A New Paradigm for Healing.
(6-minute read)
A little while back, I had the most profound experience that changed how I viewed the illness and dysregulation I have been dealing with.
It was after emotionally processing, in a session of EMDR, that I felt a real, physical shift in my neuro symptoms, which had been troubling me for so long.
The session was intense, my body was shaking, I was almost lashing out, jolting, shouting.
And then afterwards, the pressure, deep in my brain, the pins that seemed to be using my brainstem as a pin cushion, shifted.
This is a slightly bold claim, but I now truly believe the root of these symptoms is trauma and emotional repression, and that the way out is through feeling, and not ‘fixing’.
The Hidden Pattern: Repression + High Sensitivity = Stuck Processing
It’s no secret that people prone to Long Covid, ME/CFS, chronic anxiety, OCD etc. often share the following:
Emotional repression or disconnection from their bodies
High emotional sensitivity, empathy or perfectionism
Long term in environments where emotions didn’t feel safe
If you’re reading this, I bet you can tick off at least a few of the following: perfectionist, high-achiever, high pain tolerance, over-thinker, and high-functioning yet hides emotions.
But the issue is, every time a difficult emotion arises and isn’t felt fully, the survival response is triggered but not completed. Tipping into sympathetic now and then is normal, but rather than returning to a ventral, balanced state, the inability to complete the response edges you more and more into a sympathetic state.
Over time, this builds internal tension and allostatic load — the wear-and-tear from chronic nervous system imbalance.

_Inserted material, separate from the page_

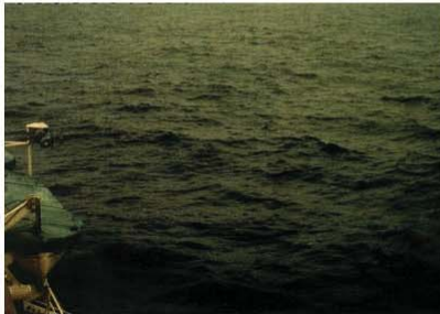
BEAUFORT FORCE 4 WIND SPEED: 11-16 KNOTS SEA: WAVE HEIGHT 1-1.5M (3.5-5FT), SMALL WAVES BECOMING LONGER, FAIRLY FREQUENT WHITE HORSES

Over time the system becomes tipped toward sympathetic over-activation or freeze/collapse. This type of Somatic suppression has been linked to autoimmune expression, vagal dysfunction, and altered limbic system reactivity.
The Trigger: One Final Push Sends the System Haywire
As will have been the case for many of you, a kind of crash point will have tipped you over the edge. Maybe an illness, burnout, an accident - something that finally overwhelms the system’s capacity.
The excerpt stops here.